Otro momento clave en el desarrollo en el despertar del sí-mismo, del sentido de
sujeto, consiste en la aparición del no semántico: el niño es capaz de decir no a sus padres y a
cualquiera, y de saber qué dice y por qué lo dice. Es incluso capaz de empecinarse en sus
“NO” y en sus deseos, en ocasiones para desesperación de los padres, que intentan seguirle
manejando como cuando aún era un bebé. Pero ya no se deja, ya no es tan fácil: está en el
período que los alemanes llamaban “del empecinamiento”. Ya tiene un sí-mismo en
desarrollo, ya tiene una identidad propia.
Al tiempo, su capacidad de sentir-se emocionado, de vivir como un sujeto las
experiencias aumenta de forma espectacular: el lenguaje necesita más y más palabras para
comunicar experiencias y emociones, comienzan a aparecer las emociones "morales" (culpa,
vergüenza y sus sentimientos derivados), vinculadas con lo bueno, lo malo, lo que hay que
hacer, lo que no se puede hacer, lo que sienten los demás cuando les hago daño o hago algo
“malo”… La niña y el niño empiezan a sentir malestar propio ante el malestar ajeno: son las
primeras manifestaciones abiertas de la empatía, de que puede vivir dentro las emociones de
los demás. A partir de ahí, interiorizan esos sentimientos de malestar que tienen los padres o
cuidadores cuando no cumple lo que debe y comienzan a manifestar miedo, culpa y/o
vergüenza ante las transgresiones. Poco después, aumentan sus conductas prosociales: puede
querer cuidar, proteger, ayudar al necesitado... El niño ya es un miembro activo de la familia
en cuanto a acatar o no y marcar o no nuevas normas y constelaciones emocionales, pero las
normas, valores e identidades psicosociales fundamentales que trasmite la familia son ya
filtrados por su incipiente individualidad, por su identidad en ciernes. Madre, padre y familia
han de ser capaces de soportar y conducir esa naciente autonomía, en vez de coartarla o
enfrentarse a ella continuamente.
Las capacidades de empatía, pero también las capacidades para expresarse y hablar de
sus propias emociones (lo que le da miedo, lo que le gusta, lo que le disgusta, lo que no
quiere, el por qué de cada cosa…) están abriendo el camino del niño narrativamente capaz,
que puede hablar de sus cosas, de sus experiencias y fantasías, de sus sentimientos… Y es
que a los 3-4 años el niño ya tiene una idea de lo que ocurre en la mente del otro, y eso
comienza a darle pistas de lo que ocurre en su propia mente, en su propia persona, en su
propio self.
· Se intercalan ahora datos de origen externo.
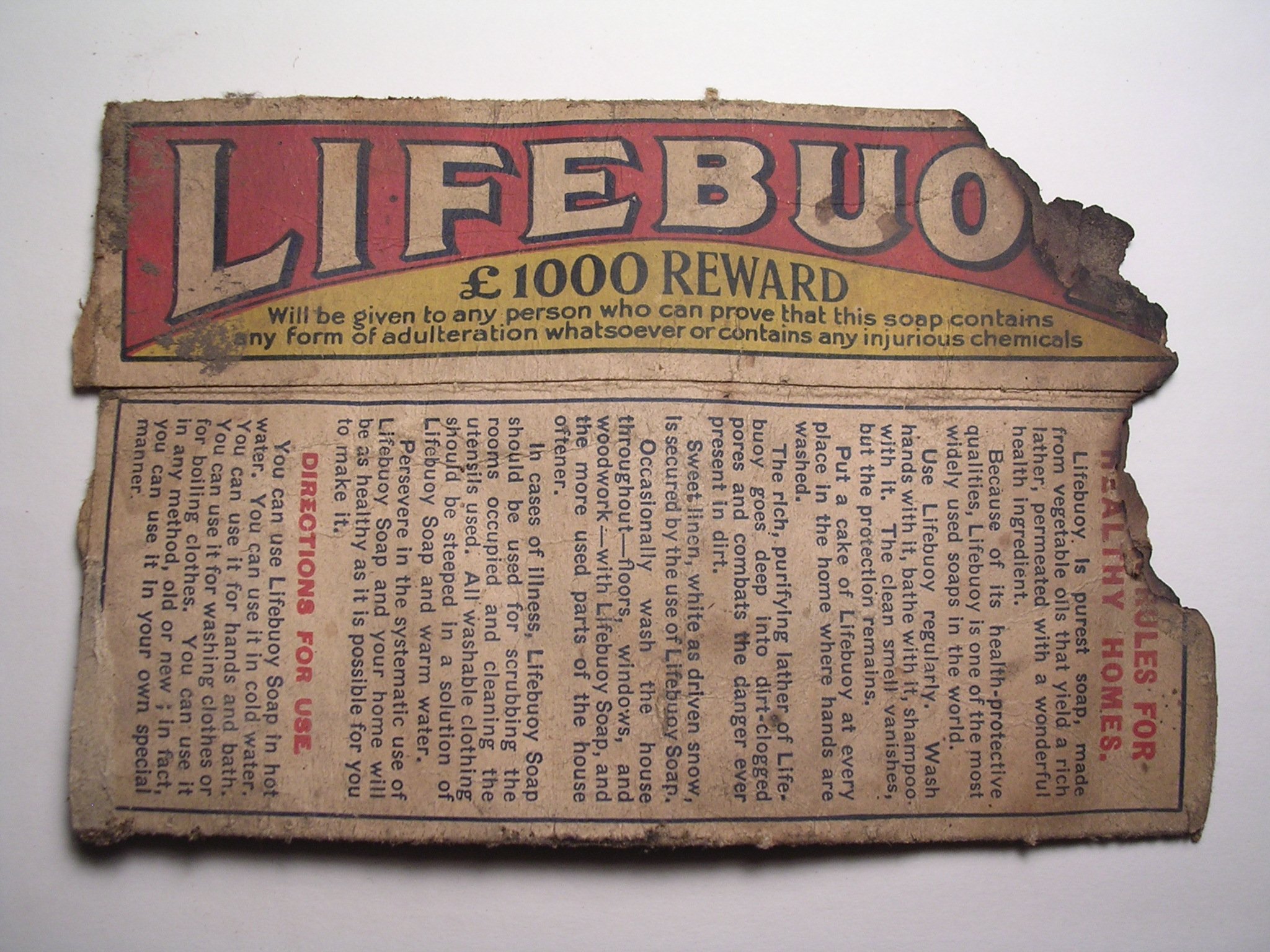This Lifebuoy Soap wrapper clearly predates modern restrictions on the wording of product claims.
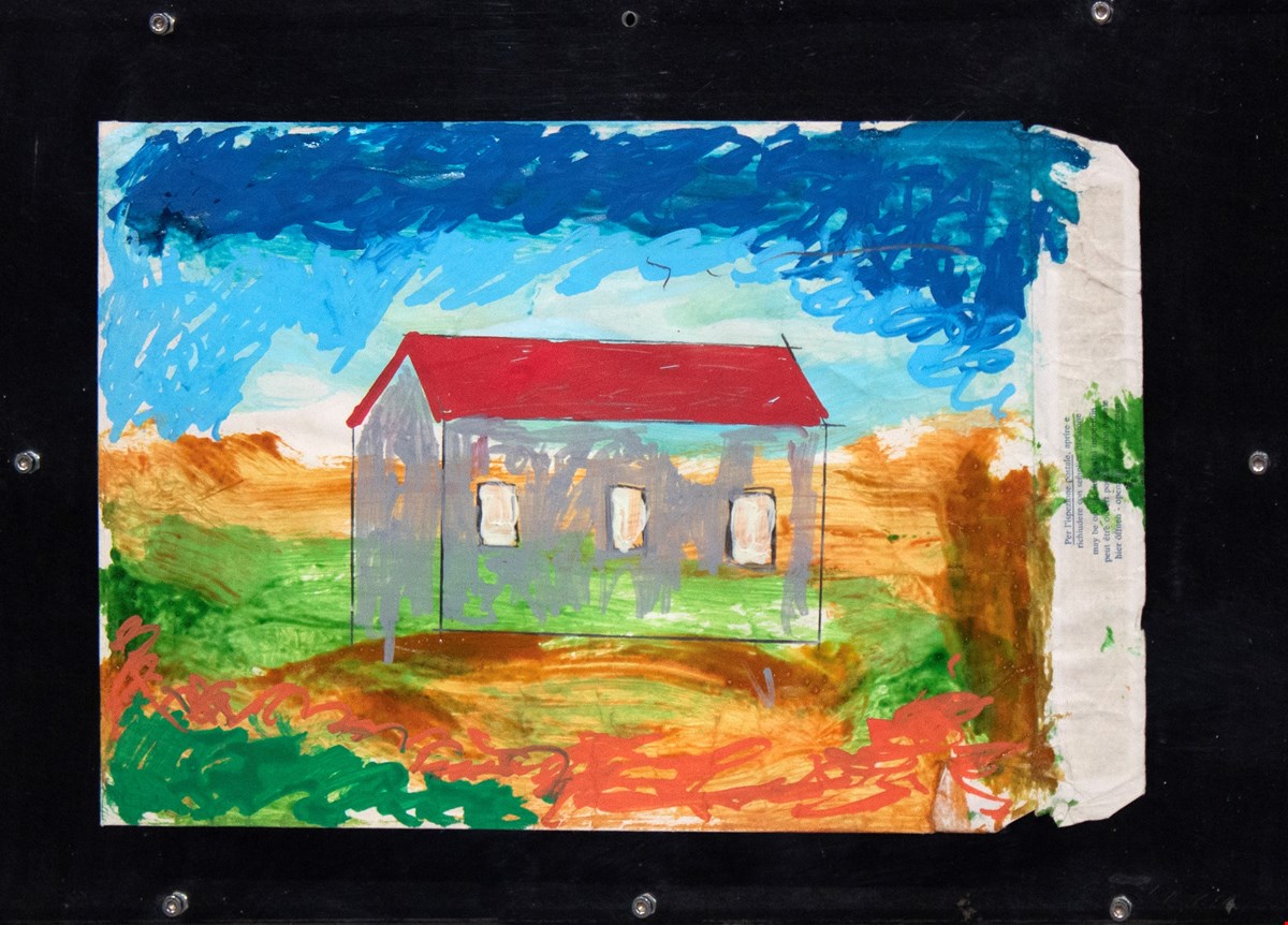 Mario Schifano, SENZA TITOLO, 1990/97, Tecnica mista su busta, 23x36.5 cm.

Es otro salto importante en su proceso de individuación, en su proceso de no
confundirse con los otros, con los demás, por queridos que éstos sean: empieza a conocer el
"interior emocional" de la madre, del padre y de los demás, al tiempo que profundiza en el
conocimiento de su propio "mundo emocional" y, en general, de su "mundo interno". Ya
tiene un “mundo interno”, una “mente” propia. De ahí que ya pueda manifestar ante las
pérdidas toda la serie de expresiones emocionales: sorpresa, tal vez asco, sufrimiento, ira,
temor, tristeza, vergüenza, culpa... Y todo ello, según los variados modelos que cada uno de
los miembros de su familia y allegados le ha ido proporcionando. De ahí la importancia de la
“cohesión” del sistema familiar en sus expresiones y normativas, para no desorientar al
nuevo miembro.
A partir de aquí llega el momento en cual el que la niña y el niño deberán aceptar que
hay espacios de la casa (y de la familia) que no son suyos, que no puede entrar y salir de ellos
cuando quiera, como hay momentos en los cuales no puede irrumpir en la realidad o en la
mente de sus padre, sus hermanos, incluso de su madre, por solícita que ésta sea. No todos
somos iguales ni eres el único y el príncipe; eres parte de un triángulo: El triángulo entre el
niño, el cuidador principal y los demás que le disputan esa dádiva básica. Los adultos revelan
que poseen una intimidad y una mente que no está siempre al alcance del niño (¡ahora que
había comenzado a “ver” en ella!): son las bases de la intimidad y, en buena medida, también
del pensamiento más desarrollado y complejo, pues el origen de éste se halla muy ligado a las
fantasías y cogniciones acerca de qué habrá “tras la puerta verde”, dónde estará mamá,
cómo es que no viene, por qué nadie viene, por qué no hacen lo que yo quiero…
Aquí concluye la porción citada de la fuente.